Des unités de l'armée ont tiré des roquettes sur les "terroristes" dans le nord-ouest de la province de Hama, en réaction à des "attaques", a indiqué de son cÎté l'agence officielle Sana. Dans ce secteur, les combats ont fait rage toute la nuit, jusqu'à ce que les forces du régime prennent mardi le contrÎle d'une colline, selon l'OSDH.

Au moins 29 jihadistes ont Ă©tĂ© tuĂ©s, dont des membres de HTS et du Parti islamique du Turkestan, de mĂȘme que 24 combattants prorĂ©gime, d'aprĂšs un nouveau bilan fourni par l'Observatoire. Depuis le 28 avril, au moins sept hĂŽpitaux ou centres mĂ©dicaux ont Ă©tĂ© touchĂ©s par des bombardements, certains se retrouvant hors-service, a dĂ©plorĂ© l'ONU. Neuf Ă©coles ont aussi Ă©tĂ© touchĂ©es, selon la mĂȘme source.

- "Offensive limitée" -

Dominé par HTS, Idleb est le dernier grand bastion jihadiste à échapper au pouvoir de Bachar al-Assad, aprÚs plus de huit ans d'un conflit dévastateur.
L'écrasante majorité des quelque trois millions d'habitants vit grùce à l'aide humanitaire. La moitié sont des déplacés, arrivés à Idleb aprÚs avoir fui d'autres bastions rebelles reconquis par le régime.

Le pouvoir syrien, appuyés par ses alliés indéfectibles, Moscou et Téhéran, a multiplié ces derniÚres années les victoires face aux insurgés, jusqu'à asseoir son contrÎle sur prÚs des deux-tiers du pays. A maintes reprises, le régime a martelé sa détermination à reconquérir toute la Syrie, déchirée depuis 2011 par une guerre qui a fait plus de 370.000 morts et laissé des villes et des régions entiÚre en ruines.

Aron Lund, expert du think-tank The Century Foundation, n'exclut pas "une offensive limitée à Idleb, grignotant certains secteurs", dans l'objectif "d'affaiblir HTS" ou d'obtenir "des concessions spécifiques". Un scénario d'autant plus plausible que deux autoroutes passant par Idleb --qui devaient relier les territoires aux mains du régime à Alep (nord), Hama (centre) et Lattaquié (nord-ouest)-- n'ont pu rouvrir jusque-là au trafic.
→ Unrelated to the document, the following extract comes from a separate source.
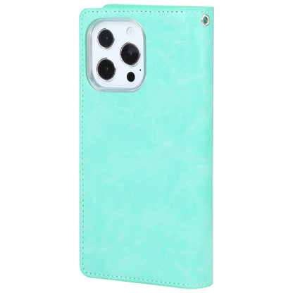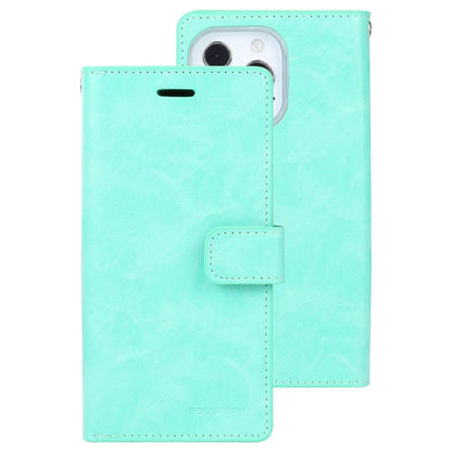 For iPhone 14 Pro MERCURY GOOSPERY MANSOOR 9 Card Slots Leather Case(Mint Green)

L'expert sur la Syrie, Fabrice Balanche, envisage lui aussi une offensive. "La partie nord (d'Idleb) restera encore pour quelque temps un fief de HTS adossé à la frontiÚre turque" mais "l'armée syrienne aura plus de facilité à reprendre le sud", dit-il. Et parvenir à rétablir la circulation sur les deux autoroutes permettra de redonner une bouffée d'oxygÚne à Alep et réduire les coûts de transports vers la métropole, relÚve M. Balanche. "Alep demeure isolée car privée de la plus grande partie de son arriÚre-pays et mal reliée au reste de la Syrie", ajoute-t-il.